Centre de Recherche du CHU de Québec-Université, Laval, Université Laval, G1V 4G2, Québec, Canada.
Département de Médecine Moléculaire, G1V 0A6, Québec, Canada.
Brief Bioinform. 2023 Sep 22;24(6). doi: 10.1093/bib/bbad348.
The emergence of massive datasets exploring the multiple levels of molecular biology has made their analysis and knowledge transfer more complex. Flexible tools to manage big biological datasets could be of great help for standardizing the usage of developed data visualizations and integration methods. Business intelligence (BI) tools have been used in many fields as exploratory tools. They have numerous connectors to link numerous data repositories with a unified graphic interface, offering an overview of data and facilitating interpretation for decision makers. BI tools could be a flexible and user-friendly way of handling molecular biological data with interactive visualizations. However, it is rather uncommon to see such tools used for the exploration of massive and complex datasets in biological fields. We believe that two main obstacles could be the reason. Firstly, we posit that the way to import data into BI tools are not compatible with biological databases. Secondly, BI tools may not be adapted to certain particularities of complex biological data, namely, the size, the variability of datasets and the availability of specialized visualizations. This paper highlights the use of five BI tools (Elastic Kibana, Siren Investigate, Microsoft Power BI, Salesforce Tableau and Apache Superset) onto which the massive data management repository engine called Elasticsearch is compatible. Four case studies will be discussed in which these BI tools were applied on biological datasets with different characteristics. We conclude that the performance of the tools depends on the complexity of the biological questions and the size of the datasets.

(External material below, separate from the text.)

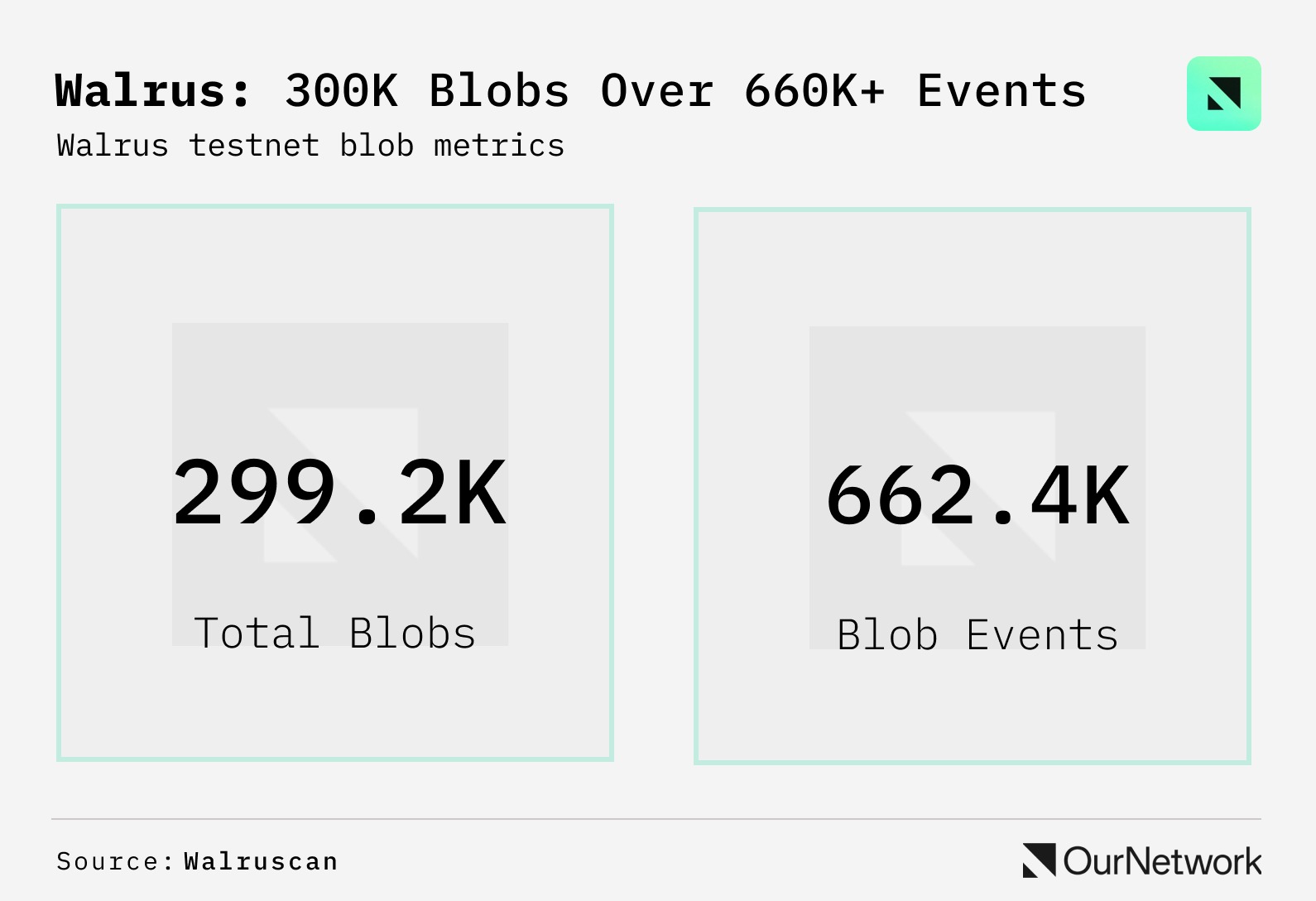Walrus 是一个基于 Sui 网络的去中心化存储与数据可用性协议,目前正在测试网运行。它专为高效处理非结构化数据 (Blob) 而设计,能够以极快的速度和高效能存储海量数据,为分布于独立节点网络中的可扩展、高弹性存储提供了坚实基础。自 2024 年 10 月 17 日测试网上线以来,Walrus 已存储近 30 万个 Blob(单个非结构化数据对象),并触发了超过 66 万次相关操作事件,展现了强大的数据处理能力。
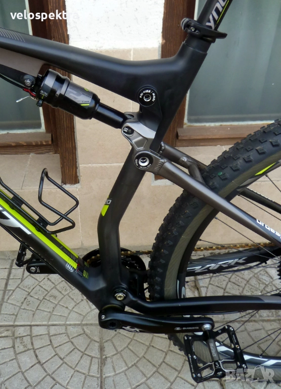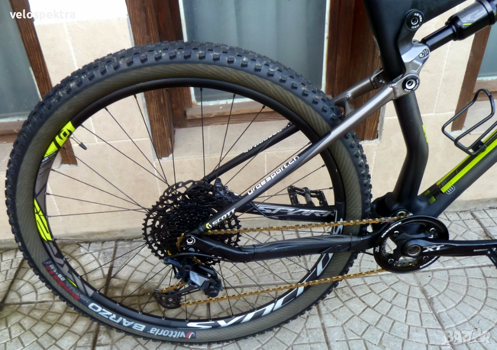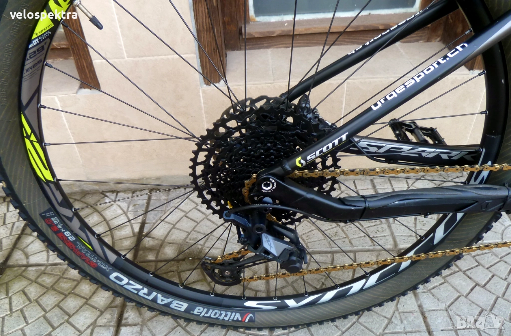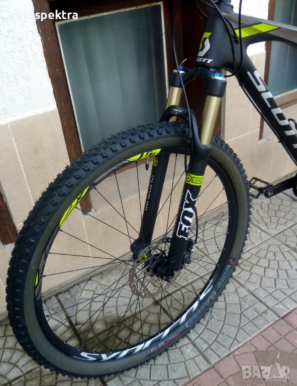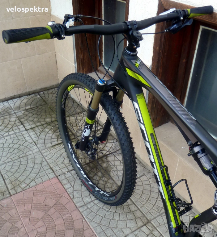 29 цола тристенни алуминиеви аеро капли ДТ СУИС с шини Syncros с проходни оси , главини със супер лек ход ДТ СУИС , предна ос 15 мм. задна ос 10 мм. , кевларени гуми МТВ 29" 2.4.

大规模数据集的出现,探索了多层次的分子生物学,使得它们的分析和知识转移更加复杂。灵活的工具来管理大型生物数据集对于标准化开发的数据可视化和集成方法的使用可能会有很大的帮助。商业智能(BI)工具已在许多领域中用作探索工具。它们具有许多连接器,可以将许多数据存储库与统一的图形界面连接起来,提供数据概览并为决策者提供解释。BI 工具可以是一种灵活且用户友好的处理具有交互可视化的分子生物学数据的方法。然而,在生物领域中,很少看到这样的工具用于探索大规模和复杂的数据集。我们认为,有两个主要障碍可能是原因。首先,我们假设将数据导入 BI 工具的方式与生物数据库不兼容。其次,BI 工具可能不适应复杂生物数据的某些特殊性,即数据集的大小、可变性和专门可视化的可用性。本文重点介绍了可与称为 Elasticsearch 的大规模数据管理存储库引擎兼容的五个 BI 工具(Elastic Kibana、Siren Investigate、Microsoft Power BI、Salesforce Tableau 和 Apache Superset)的使用。将讨论四个案例研究,其中这些 BI 工具应用于具有不同特征的生物数据集。我们得出的结论是,工具的性能取决于生物问题的复杂性和数据集的大小。